Application layer: this layer index reflects the running state of the application software, such as the number of Nginx connections.
System level: this layer index reflects the operating state of the operating system, such as average load.
Hardware level: this layer index reflects the running state of hardware devices, such as CPU temperature.
By stratifying, we classify problems into areas that we know very well.
Building a service tree model
The focus is: “service” and “module”
Module: the combination of servers that provide some function belongs to the same server function in the same module. For example, “caching module”, “DB module”.
Service: it is organized by several modules to provide a Service. “Service” is a higher level abstraction of “function”. For example, “order split service”.
The definition of these two concepts lay the foundation for the following module call relationship.
Building block call relationships
Capital letters represent “services”, such as A services; lowercase letters represent modules, such as a modules; arrows represent calls or results return relationships.
Building a “unified event library”
We believe that there are several ways to determine the relationship between events.
The module call relationship above is a human defined deterministic relationship.
Time correlation, which is a non deterministic strategy, represents a relative possibility.
Fact correlation, through the analysis and calculation of mass historical data, find the correlation between events in fact.
First of all, we need a unified “event library” to collect all events.
We think there are so many sources of the event
We believe that the factors that influence an object’s anomaly come from these aspects.
Self abnormality, such as a hard disk damage
Dependency side exceptions such as A.b invoke A.c’s service, but A.c service exceptions.
Changes from external sources, such as developers’ code upgrades to A.b services, fail to switch to the server, and cut off the network in the local computer room.

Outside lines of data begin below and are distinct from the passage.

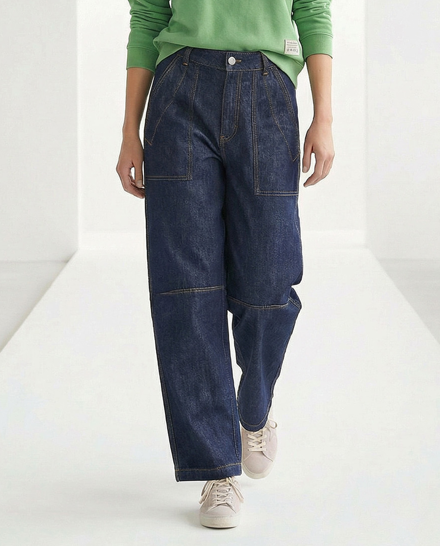 The MILO PANTS, shown here in the denim version, feature a casual and very comfortable cut. The waistband has a concealed closure in the front and an elastic band at the back. This design allows the wearer to wear the pants as a "high waste" or as a "cool waste" with a low crotch on the hips. In both versions, the pants fit perfectly and are very comfortable. See also information on legal protection: https://you-too.shop/pages/patent
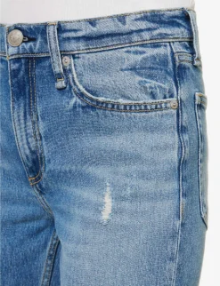 - Regular fit, mid-rise, straight leg, structured waistband with belt loops, five pockets, curved yoke at back, contrast stitching, distressed at front, faded wash, branded silver-toned hardware, brand patch at back, raw hems
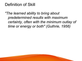 The document discusses factors that affect skill performance. It defines skill as a learned ability to produce predetermined results with minimum effort. Skills can be basic or complex and involve gross or fine motor movements. Performance is influenced by age, motivation, anxiety, facilities, coaching, and feedback. Skills are learned through demonstration, practice, trial and error, and role models. Feedback is important for improvement, as it provides information on technique (knowledge of performance) and outcomes (knowledge of results).
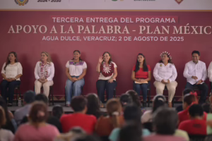 Agua Dulce, Ver., sábado 02 de agosto de 2025.- “Este es uno de los programas más importantes de mi gobierno, porque es directo, transparente y pensado para quienes se esfuerzan todos los días por salir adelante”, refrendó la gobernadora Rocío Nahle García en la tercera entrega del programa Apoyo a la Palabra–Plan México, donde fueron beneficiadas casi mil personas.
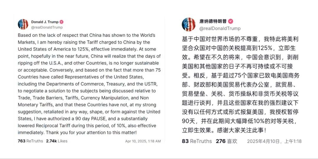 美国东部时间2025年4月10日凌晨,特朗普在其个人社交平台上发布的一则消息再度震动了全球:美国决定对原产于中国的进口商品的关税提高到125%,立即生效。
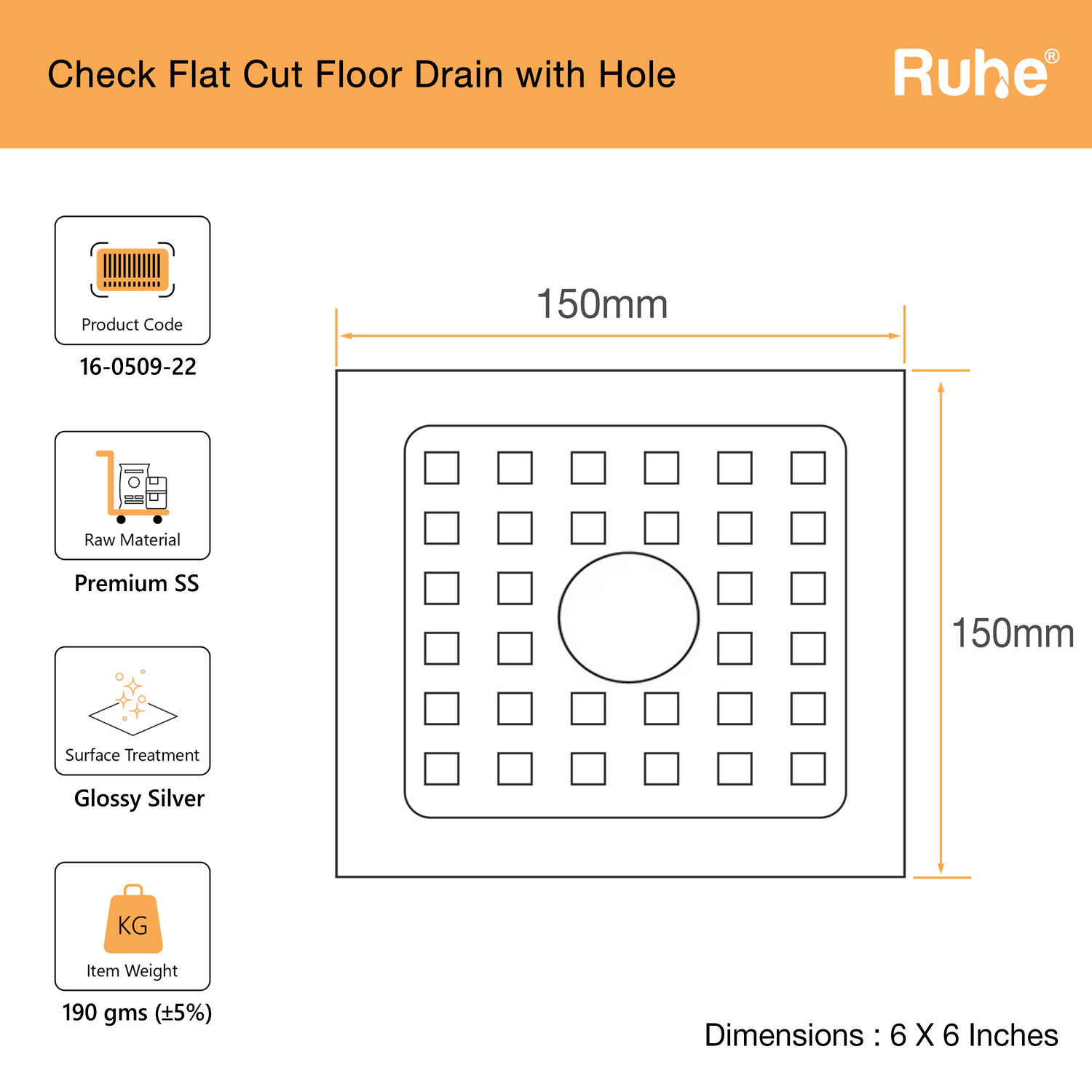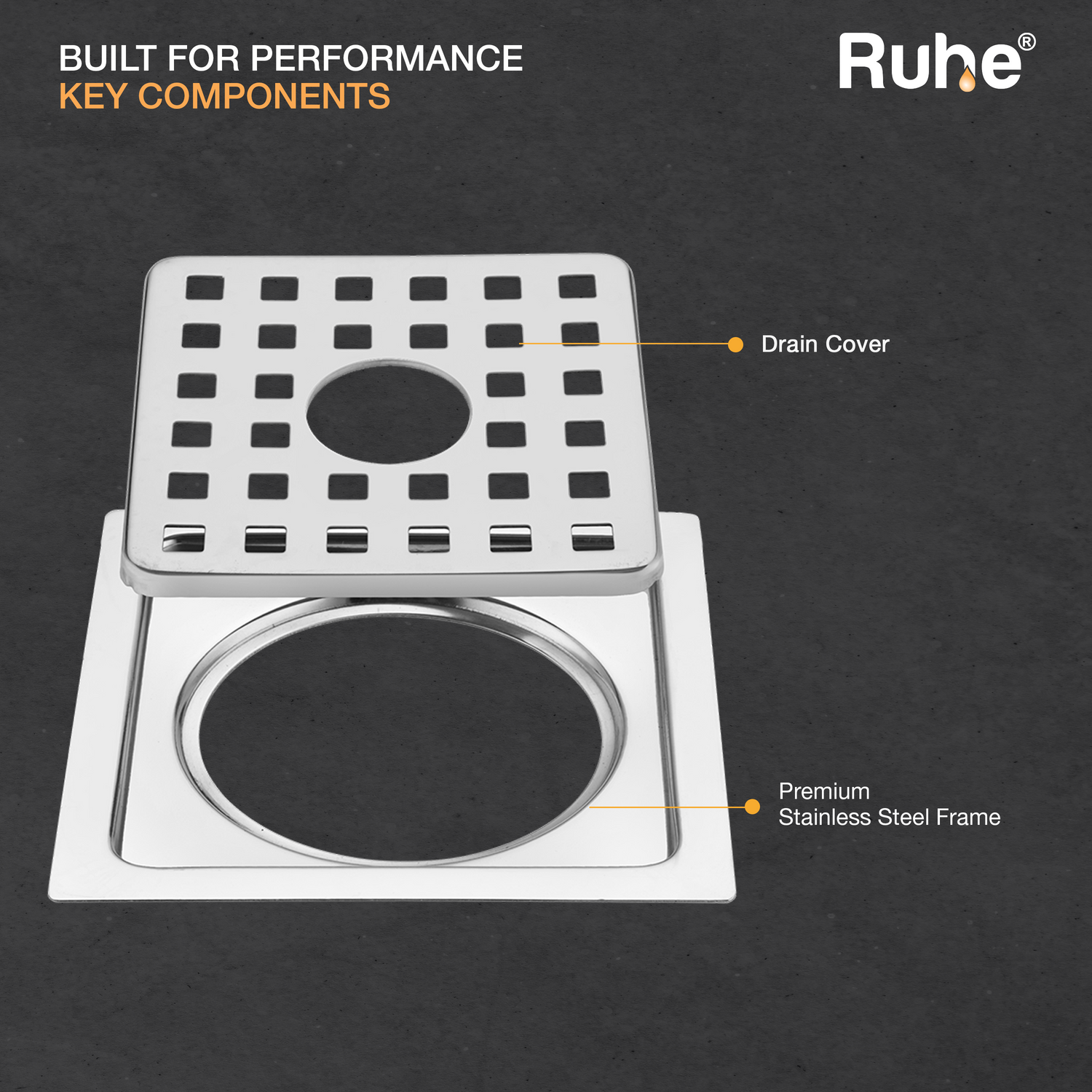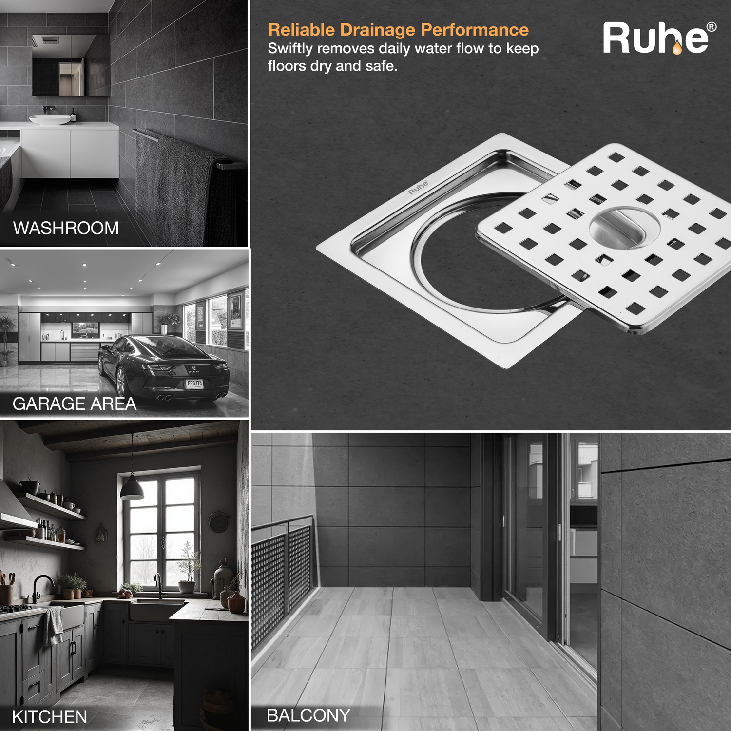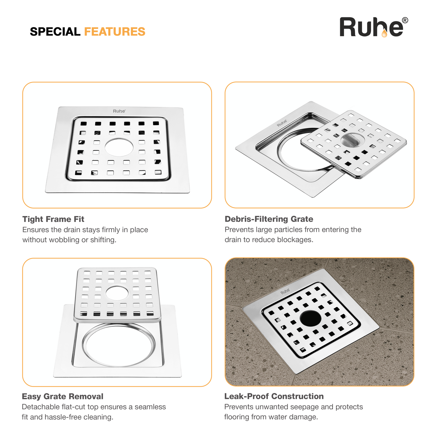 Ruhe Check Square Flat Cut Floor Drain is a square-grid, flat-edged, durable floor drain that enables quick drainage and comes with 10 years of warranty.

For the first point, as long as we monitor the integrity of our 4 level indicators, we can achieve the degree of controllability. For the second point, we need to fully determine the calling relationship of each module. For the third point, we are particularly worried because it is difficult to collect all of the external events, and we use the following methods to achieve this goal.
A “notice center” is set up to let the known deterministic changes be sent in this way and recorded in the event library. For example, a code upgrade for A.b services.
A common event bus is established through the Pub/Sub model of the message queue, so that each system in the platform can release important changes produced by it through this loosely coupled way. Other systems interested in the change of the system can be picked up selectively, for example, the monitoring system can grab the write event library. .
For event bus, this is how our systems work.
The AutoBank (resource management system) will change the state of the device (server, switch, and so on), attach the work list, record it to its own log as an event, and publish it to the event bus. I mentioned in the sharing of data banks of 2016 opsworld – operation and maintenance that change of state means that there is a change process, and that there is a risk of change if there is any change.
The AutoGear (service management system) will directly change the software environment on the server, so what software is installed on which server, or how the parameters of the software are modified to be encapsulated into an event in its own log, and published to the event bus.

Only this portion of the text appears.